If we at Nature are alerted to possibly false results by somebody who was not an author of the original paper, we will investigate. This is true even if the allegations are anonymous — some important retractions in the literature have arisen from anonymous whistle-blowing. However, we are well aware of the great damage that can be done to co-authors as a result of such allegations, especially when the claims turn out to be false.
Where do we go?
A well-known Achilles heel in medical molecular biology is that the advancing forefront is oftentimes plagued with experiment irreproducibility. Results of flawed experiments may seem to make perfect clinico-biologic sense and appear mechanistically valid. High-throughput experiments have an added layer of intricacy in requiring complex statistical methodologies to infer or detect significant change. Complex and untested statistical methods are not the preserve of high-throughput nucleic acid research alone.
In climate science, the concept of ‘unprecedented’ global change appears intuitive. But as Baggerly points out: “Our intuition about what “makes sense” is very poor in high dimensions”. It becomes difficult to troubleshoot complex but flawed scientific and statistical methods producing results synergistic to prior intuition. Full availability of data, including metadata, and good description of method therefore becomes crucial.
Bishop Hill and Climate Audit have reported preliminary details from the UK Commons Science and Technology Select Committee report on the University of East Anglia (UEA) Climategate emails, out due on the 25th of January.
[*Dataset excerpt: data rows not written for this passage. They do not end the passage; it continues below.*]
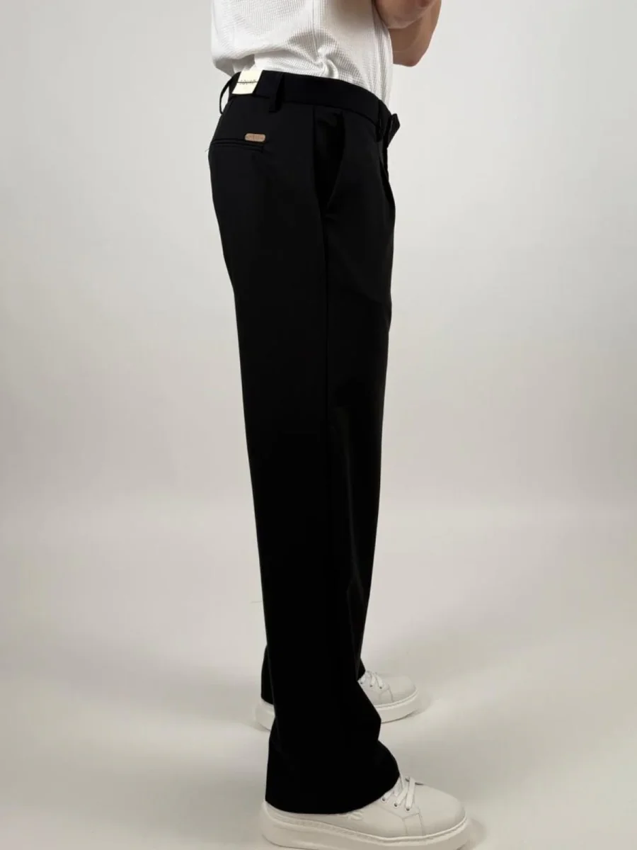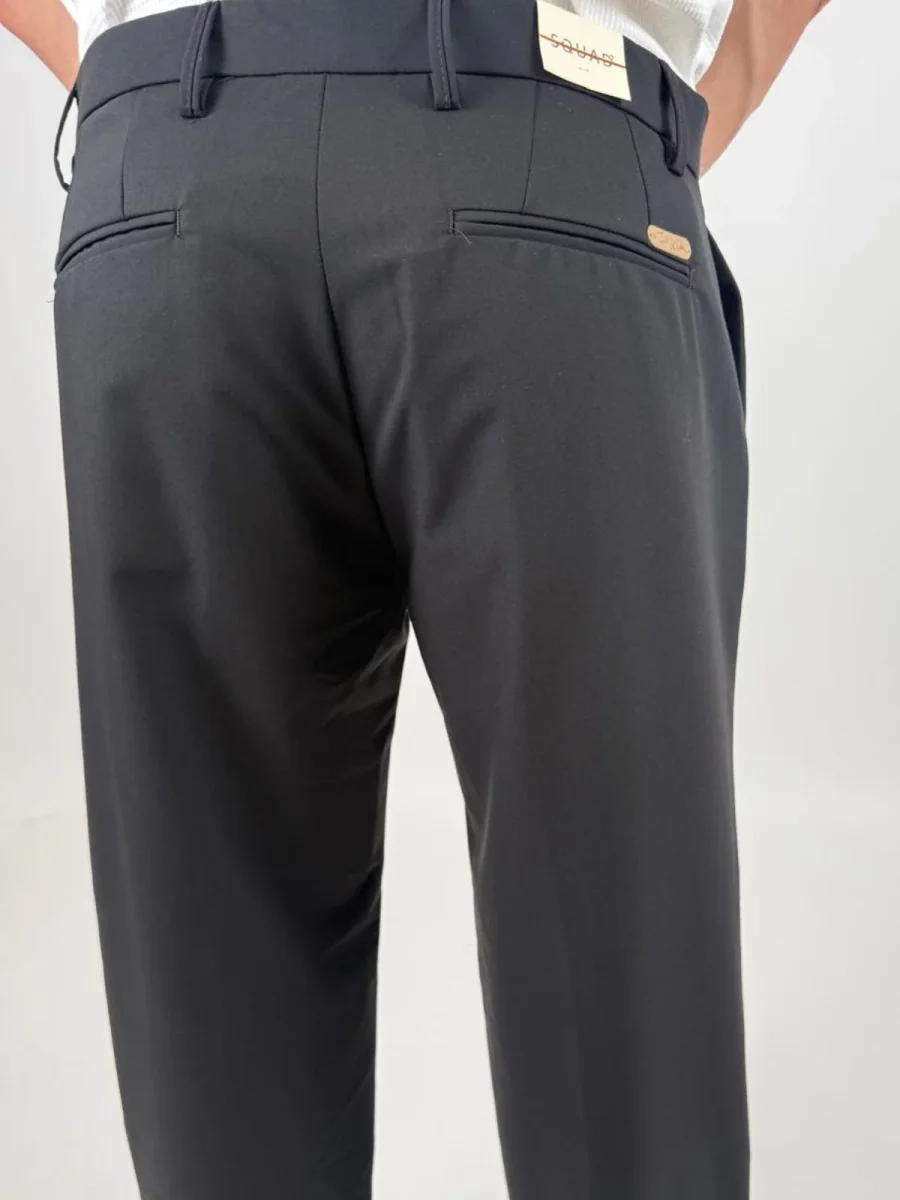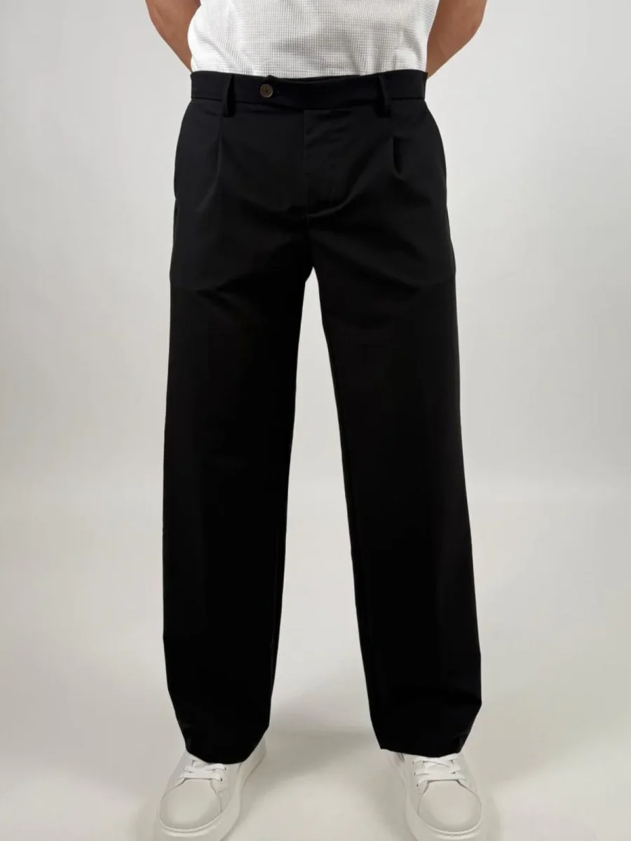Pantalone Genny226015 da uomo in tessuto di poliviscosa stretch, modello chino baggy fit, con chiusura zip, bottoni e gancetto a slitta, pinces e mini etichetta logo applicata sopra una delle due tasche a filo posteriori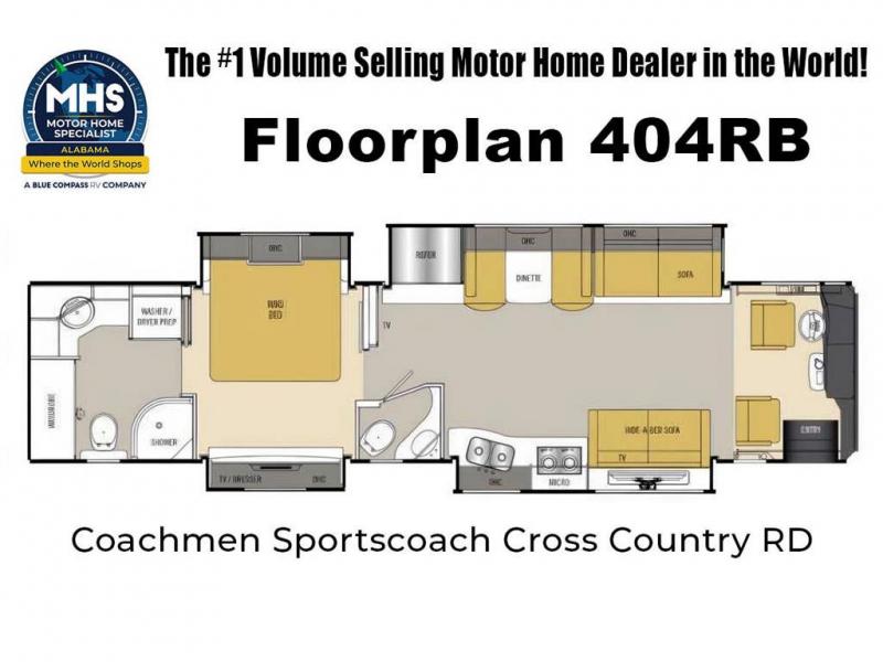 Step inside this Sporstcoach Cross Country RD class A rear diesel coach and feel like you are still at home! Model 404RB features a spacious rear bath, king size bed, and quadruple slides for added interior space, plus an additional half bath for convenience!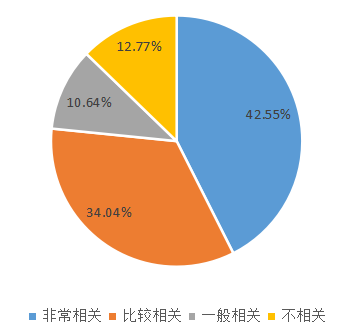 在毕业生目前所从事的工作与其所学专业对口程度上,有超过87.23%的人专业均比较对口,有12.77%的同学从事了与自己专业不对口的工作,详见图4。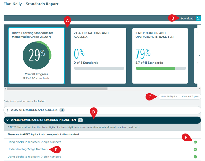 F. Click on the Standard or Topics link to narrow down the report to that specific standard and the topics that are linked to that standard.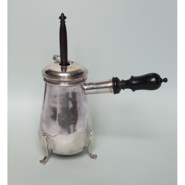 La chocolatière spécifique, avec un couvercle percé afin de passer le manche du moussoir, était un objet de grand luxe, rare et relativement peu fabriqué par les orfèvres comme on peut le constater en analysant la répartition par types d'objets des productions régionales. Son usage étant limité à la seule préparation du chocolat à l'eau, l'achat d'un telle pièce pouvait être considéré comme superflu. les amateurs de café, très nombreux en France, s'équipaient d'une cafetière qui, tout simplement, pouvait être utilisée de temps à autre pour la préparation du chocolat. Il suffisait d'ouvrir le couvercle et de plonger le moussoir dans la boisson. Il est d'ailleurs beaucoup plus commode d'agiter le moussoir ainsi plutôt qu'à travers le trou d'un couvercle de chocolatière car le bâton, en s'agitant en tous sens, heurte sans cesse les bords du trou et déstabilise l'objet.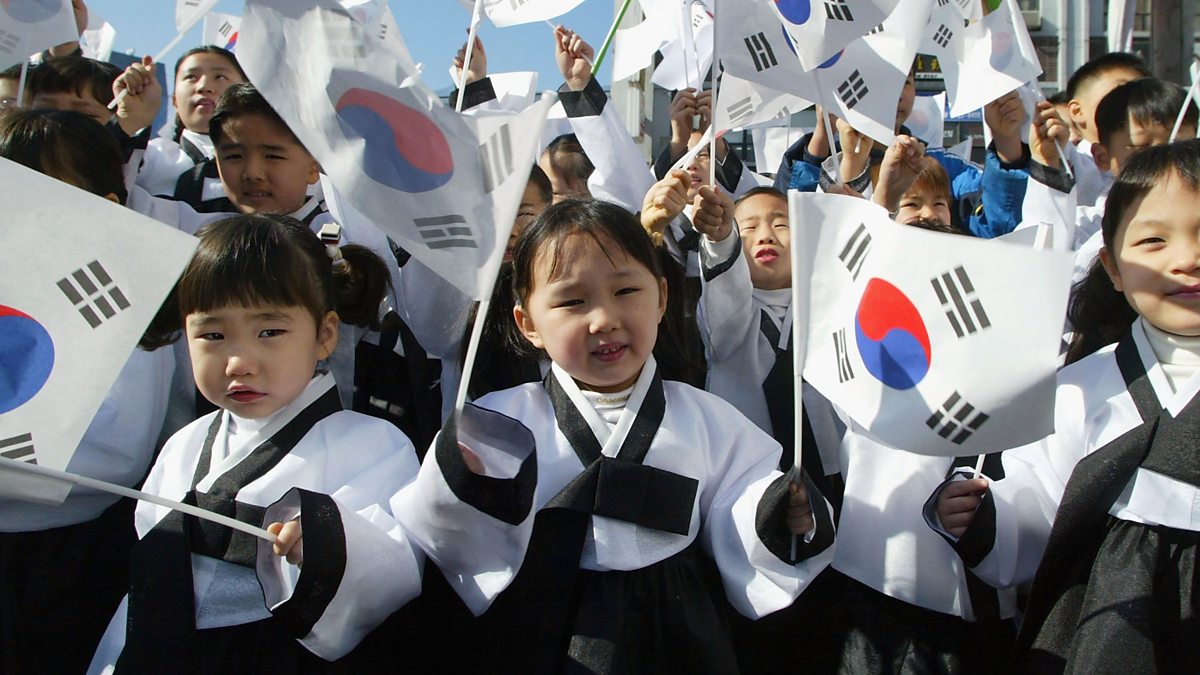 (Children wearing traditional costume wave national flags during a celebration in Seoul, South Korea. Credit: Chung Sung-Jun/Getty Images)

Certain conclusions can be drawn about the Jones 1990 UHI paper at this point. It is not possible to say that Phil Jones committed fraud in the publication of his 1990 Nature urban heat island paper. As Jones states, data acquired from geographically distant institutions formed an important part leading to the conclusions of the paper. However, Douglas Keenan points out that Jones’ continued reliance and citation of this paper even as he co-authored other publications that contradicted it, can only amount to fraud. The data that can verify’s Jones’ position is not available either.
In view of the above, retraction of Jones’ paper could remedy this defect.